New MHRA audited facility will meet rapid drug development timelines
Almac, an integrated contract development and manufacturing organisation, has further enhanced its radiolabelling capabilities with a significant facility expansion.
The opening of the facility follows Almac's official accreditation for cGMP manufacturing and the securing an Investigational Medicinal Products (IMP) drug product-manufacturing licence, from the Medicines and Healthcare Regulatory Agency (MHRA) in May 2009.
The new laboratories are the culmination of nearly five years" work by the Almac Group, since originally receiving a Carbon-14 license in 2005, and were opened today (26 February 2010) by Dr Ken Lawrie of GlaxoSmithKline, and Chairman of the International Isotopes Society (UK Group).
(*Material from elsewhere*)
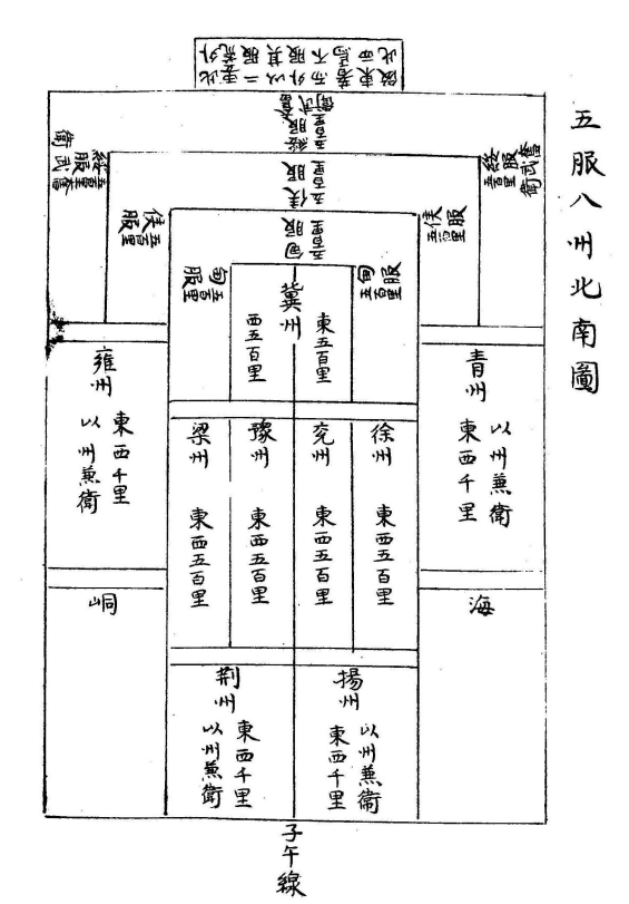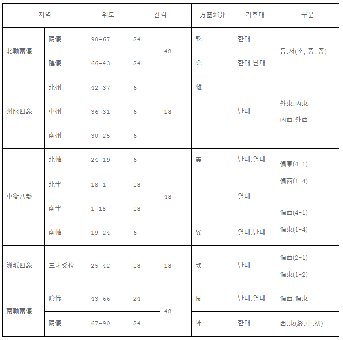 서명응은 『우공』의 지역 구획인 구주(九州)와 오복(五服)에 기초하여 세계 지역을 구분하였는데, 구획의 기준은 위도인 북극고도이다. 서명응은 먼저 「우공」의 구주에 일정한 북극고도의 값을 부여하되 그 상(象)을 역리(易理)로 해설했다. 기주(冀州)는 제왕의 도시이며, 천체에서 북극이 있는 곳에 사상(四象)이 향하듯이 천하의 공부(貢賦)와 사신이 몰려드는 중심지이자 「우공」의 강(綱)으로 파악했다. 따라서 기주의 상(象)은 바로 역(易)의 태극에 배치했다. 청주(靑州), 옹주(雍州)를 기주 하단에 좌우 대칭으로 배치하면서 역의 양의(兩儀)에 해당하는 것으로 보았고, 기주 바로 아래에 위치한 서주(徐州)·연주(兗州)·예주(豫州)·양주(梁州)는 역의 사상(四象), 서주·연주·예주·양주 아래에 있는 양주(楊州)·형주(荊州) 역시 역의 사상에 해당하는 것으로 보았다. 또한 「우공」의 오복은 동서와 남북의 크기가 모두 500리이며, 내복(內服)인 전복(甸服), 후복(侯服), 수복(綏服)과 만이(蠻夷)인 요복(要服), 황복(荒服)으로 구분되는 것으로 보았다.

The expanded facilities will include 20 new workstations - 14 synthesis and a further six general workstations for chemistry and analysis - and will house a 20-strong team of dedicated radiochemists. They will also feature a new, dedicated manufacturing finishing suite for the development of IMPs used in clinical trials, and the final steps in API manufacture. This will allow analytical chemists to carry out critical testing of a labelled IMP and undergo x-ray powered diffraction (XRPD) to determine the degree of polymorphism, all on the same site.
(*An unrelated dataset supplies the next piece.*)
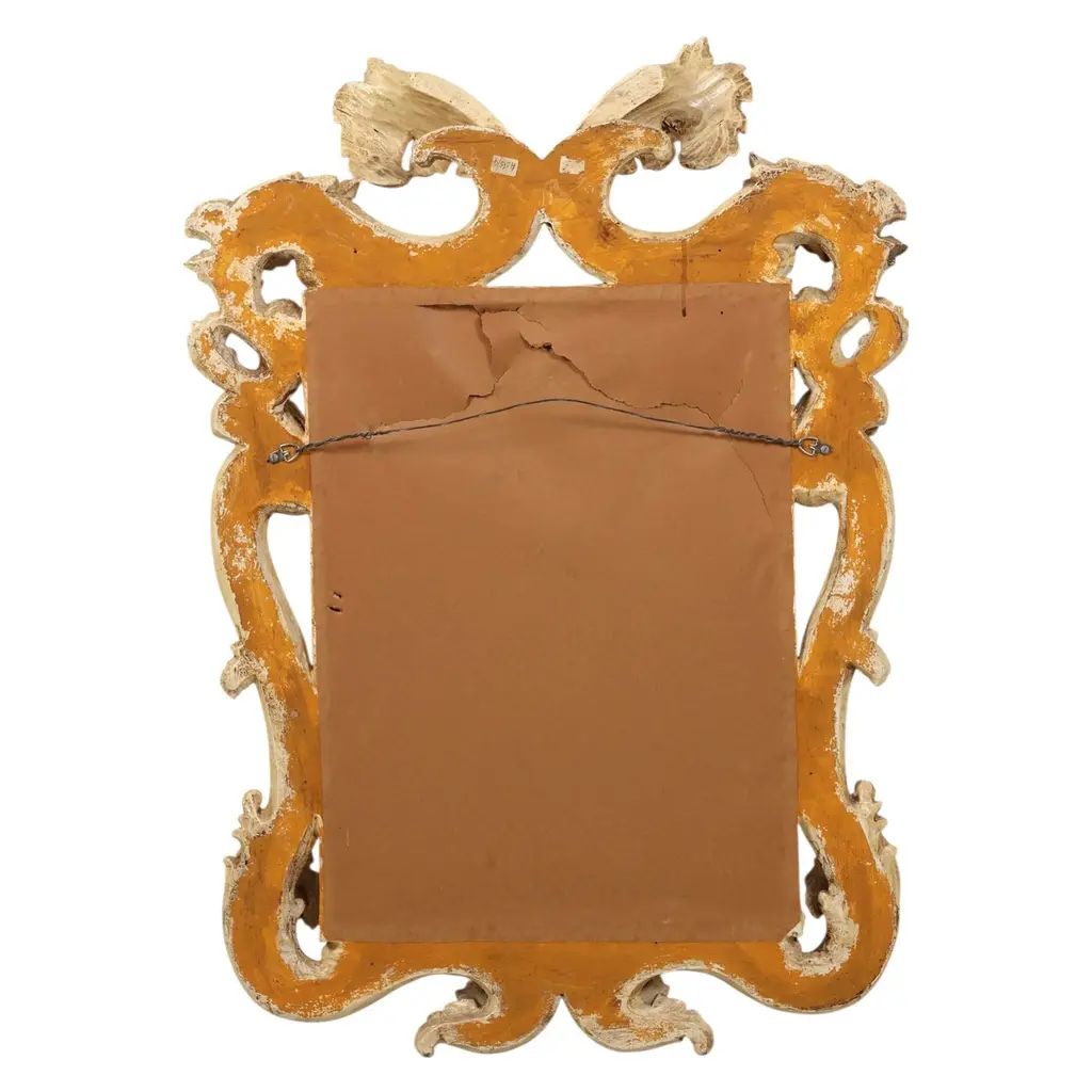 19th Century Italian Baroque Hollywood Regency Style Carved Wood Mirror. Mirror frame features an ornate three-dimensional scroll design that exudes opulence, while the deep relief carving creates depth and texture. It is finished in a warm, subtly distressed patina that adds character. Mirror dates to the 1940s glamour era. The scrolling foliate motif draws inspiration from Italian Baroque and Rococo traditions, reinterpreted through the glamorous lens of the Hollywood Regency style. Marked on verso "Made in Italy".This statement mirror is perfectly sized to add dramatic flair to an entryway, living area, or bedroom.

"Almac has started the New Year with a firm resolution to provide a clear pathway for pharma companies to meet the radiolabelling requirements in Phase 1 to Phase 3 clinical trials, signalling our intent to work very closely with the high quality servicing needs of the sector," said Dr Rick Dyer, Almac's VP, Operations. "Our capability to provide cGMP for final drug candidates, peptides, small molecules and advanced intermediates responds competitively to the demands of the market. Almac also now offers QP release."